26 December 50 Arab League monitors began arriving in Syria. One of them told already on 26 December to Al Arabiya broadcaster by telephone: "This regime is taking revenge on its people (…) what's happening in Syria is genocide".
The following weeks, the Arab League mission was heavily criticized because Damascus did not keep its promises.
Critics said, the Arab League monitors' presence imparted legitimacy to the violent actions of the Syrian army.

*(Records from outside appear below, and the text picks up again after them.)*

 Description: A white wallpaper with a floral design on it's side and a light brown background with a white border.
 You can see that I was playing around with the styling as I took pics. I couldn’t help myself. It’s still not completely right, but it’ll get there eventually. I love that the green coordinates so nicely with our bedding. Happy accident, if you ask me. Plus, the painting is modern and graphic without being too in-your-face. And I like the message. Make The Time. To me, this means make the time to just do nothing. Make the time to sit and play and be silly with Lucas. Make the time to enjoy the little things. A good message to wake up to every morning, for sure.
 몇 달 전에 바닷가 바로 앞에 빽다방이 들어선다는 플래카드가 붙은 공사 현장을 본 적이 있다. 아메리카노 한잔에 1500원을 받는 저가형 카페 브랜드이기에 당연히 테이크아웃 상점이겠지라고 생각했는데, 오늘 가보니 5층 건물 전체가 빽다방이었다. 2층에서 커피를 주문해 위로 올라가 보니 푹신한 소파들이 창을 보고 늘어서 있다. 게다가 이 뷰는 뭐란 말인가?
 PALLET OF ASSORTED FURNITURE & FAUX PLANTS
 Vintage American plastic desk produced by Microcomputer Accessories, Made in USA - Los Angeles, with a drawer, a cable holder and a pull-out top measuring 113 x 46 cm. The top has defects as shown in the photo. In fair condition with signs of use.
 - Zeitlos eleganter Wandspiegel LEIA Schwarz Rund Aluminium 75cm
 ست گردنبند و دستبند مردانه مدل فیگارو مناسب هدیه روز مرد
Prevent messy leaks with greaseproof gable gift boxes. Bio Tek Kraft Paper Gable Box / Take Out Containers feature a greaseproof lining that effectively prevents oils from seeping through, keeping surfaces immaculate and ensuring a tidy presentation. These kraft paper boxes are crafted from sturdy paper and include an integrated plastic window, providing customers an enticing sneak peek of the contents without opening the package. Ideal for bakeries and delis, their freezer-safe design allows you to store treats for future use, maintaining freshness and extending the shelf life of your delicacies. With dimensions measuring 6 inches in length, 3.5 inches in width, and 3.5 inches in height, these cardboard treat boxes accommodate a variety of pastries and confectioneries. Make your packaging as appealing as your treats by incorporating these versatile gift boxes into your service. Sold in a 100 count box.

Around 20–22 January 2012, the Arab League decided to extend the mission, which had technically expired 19 January, for another month, add more members to it, and provide them with more resources. This decision prompted Saudi Arabia on 22 January to pull its monitors from the Arab League mission and call on Russia, China, Europe, the U.S. and the Islamic states for "all possible pressure" on Syria to adhere to the Arab peace plan.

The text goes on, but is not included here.